* **What to do**
Return all of the listing word for word; the pictures stay out.

* **Supplied information**
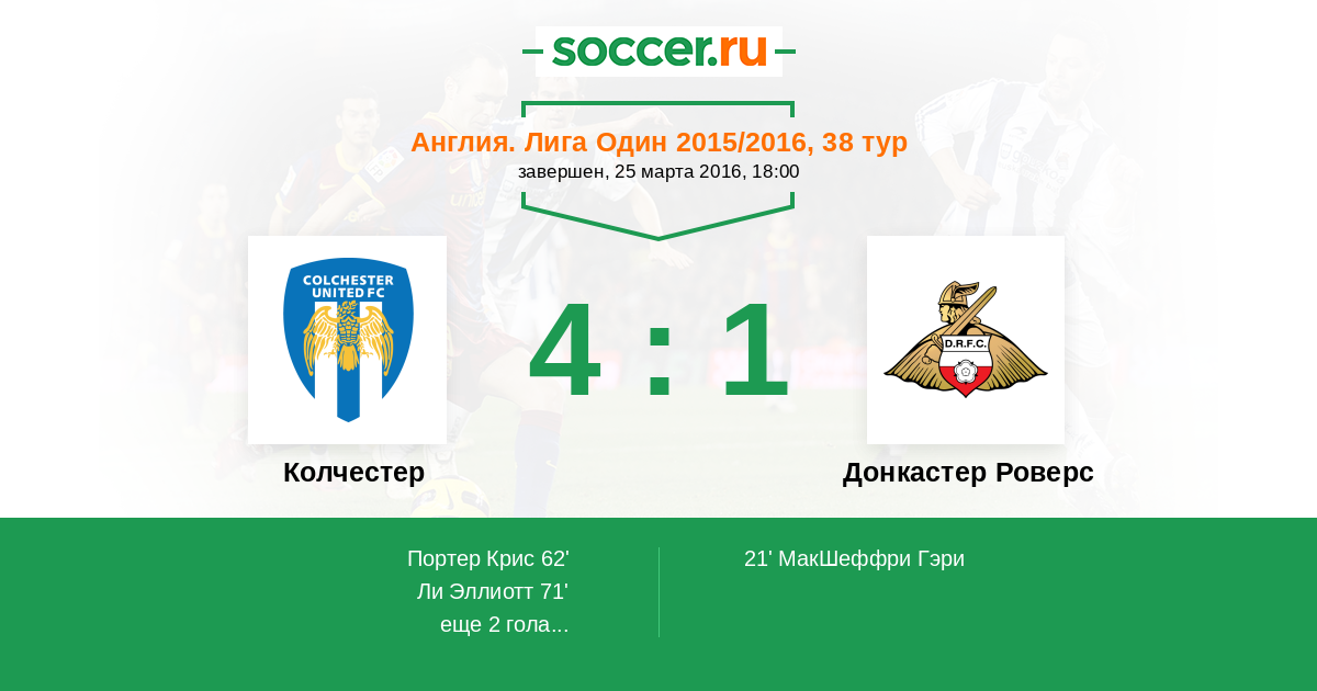 Колчестер - Донкастер Роверс: обзор матча 25 марта 2016
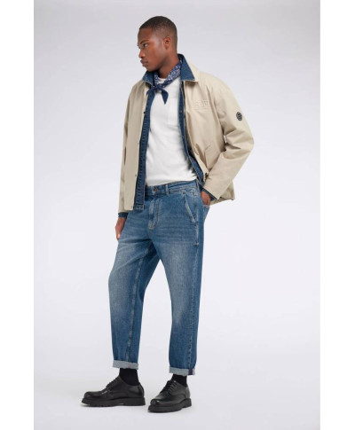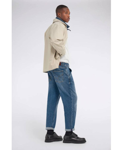 Jeans chino uomo tapered fit, in tessuto comfort dalleffetto autentico da 11.50 OZ. Il lavaggio medio/chiaro con pomice dona al blue indaco un carattere vissuto ma sofisticato. Una scelta essenziale per un outfit effortless con un twist contemporaneo.
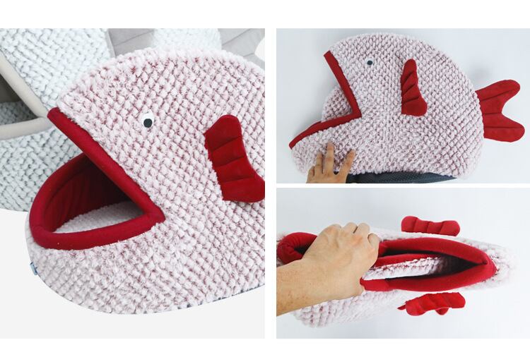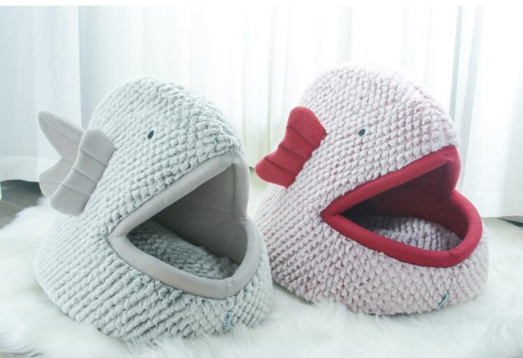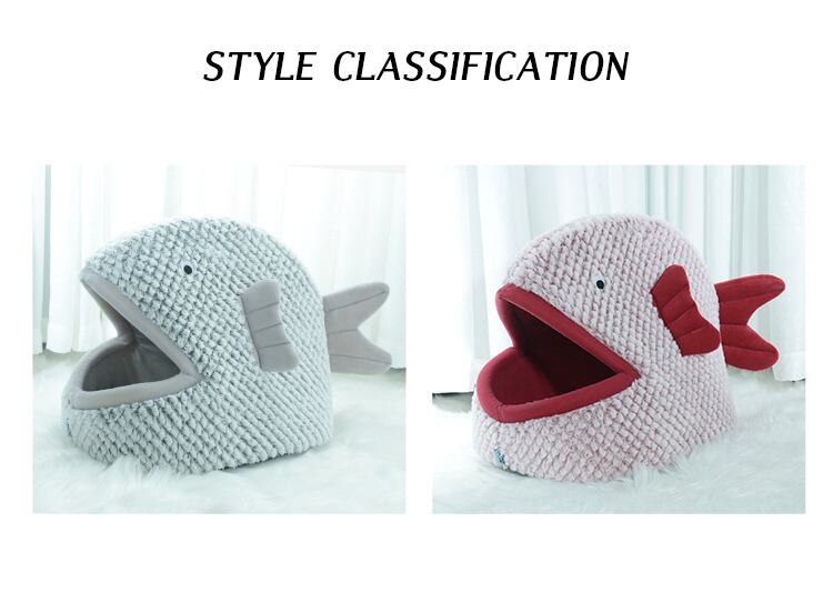 Cawayi 犬小屋ソフトペットハウス犬のベッド犬猫小動物製品半密閉魚型の漫画猫ペットベッド D2033
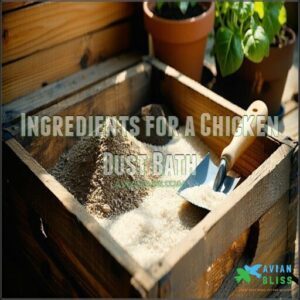 Choose a container—galvanized tubs, shallow bins, or an elevated bath work well. Mix key dust bath materials like builder’s sand, untreated soil, and wood ash, adjusting ingredient ratios seasonally.
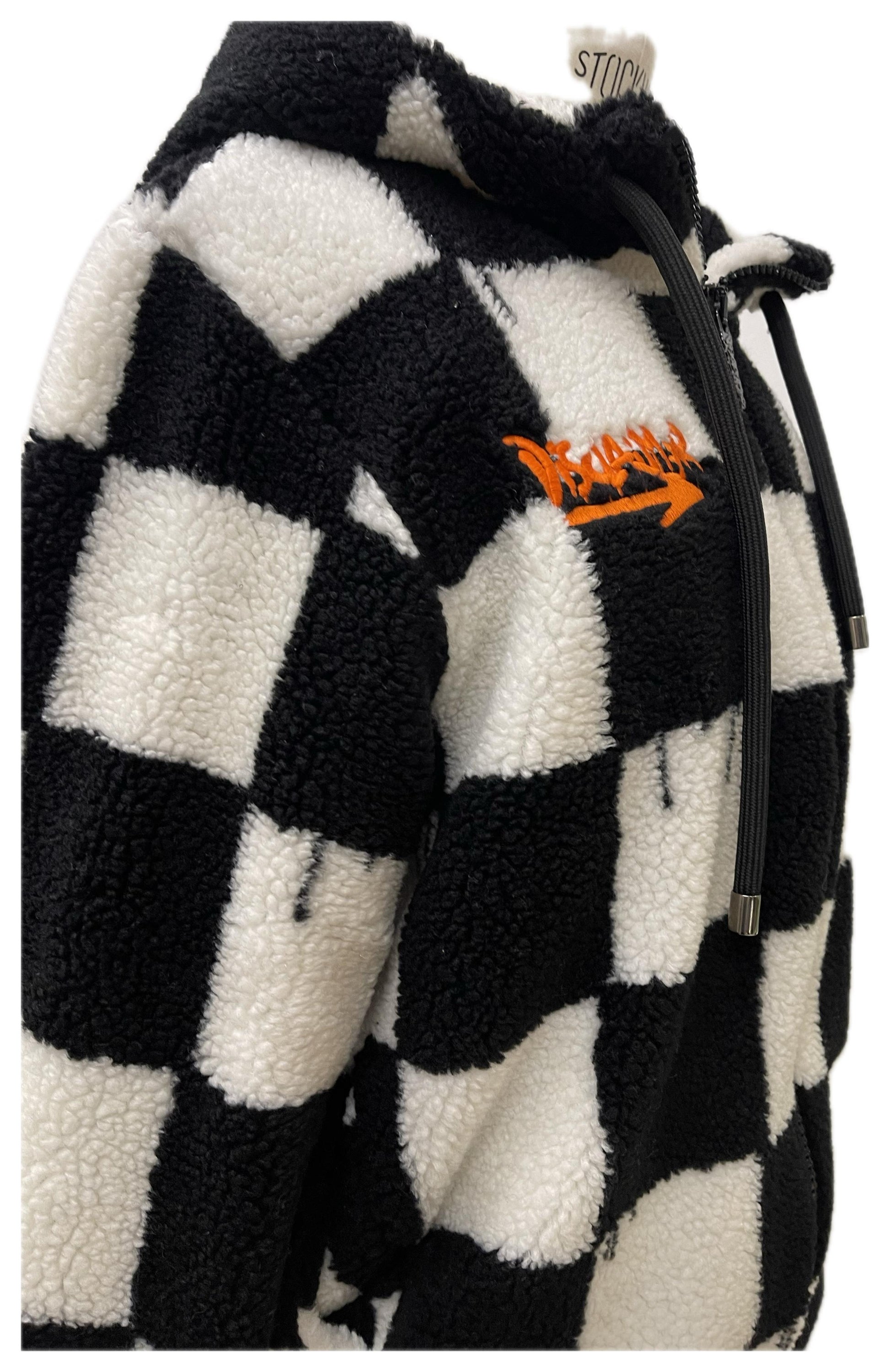 Giacca in eco-pelliccia effetto teddy con fantasia a scacchi bianco e nero e logo Disclaimer ricamato sul petto. Un mix di calore e streetstyle inconfondibile.

* **Answer**
 Колчестер - Донкастер Роверс: обзор матча 25 марта 2016
 Jeans chino uomo tapered fit, in tessuto comfort dalleffetto autentico da 11.50 OZ. Il lavaggio medio/chiaro con pomice dona al blue indaco un carattere vissuto ma sofisticato. Una scelta essenziale per un outfit effortless con un twist contemporaneo.
 Cawayi 犬小屋ソフトペットハウス犬のベッド犬猫小動物製品半密閉魚型の漫画猫ペットベッド D2033
 Choose a container—galvanized tubs, shallow bins, or an elevated bath work well. Mix key dust bath materials like builder’s sand, untreated soil, and wood ash, adjusting ingredient ratios seasonally.
 Giacca in eco-pelliccia effetto teddy con fantasia a scacchi bianco e nero e logo Disclaimer ricamato sul petto. Un mix di calore e streetstyle inconfondibile.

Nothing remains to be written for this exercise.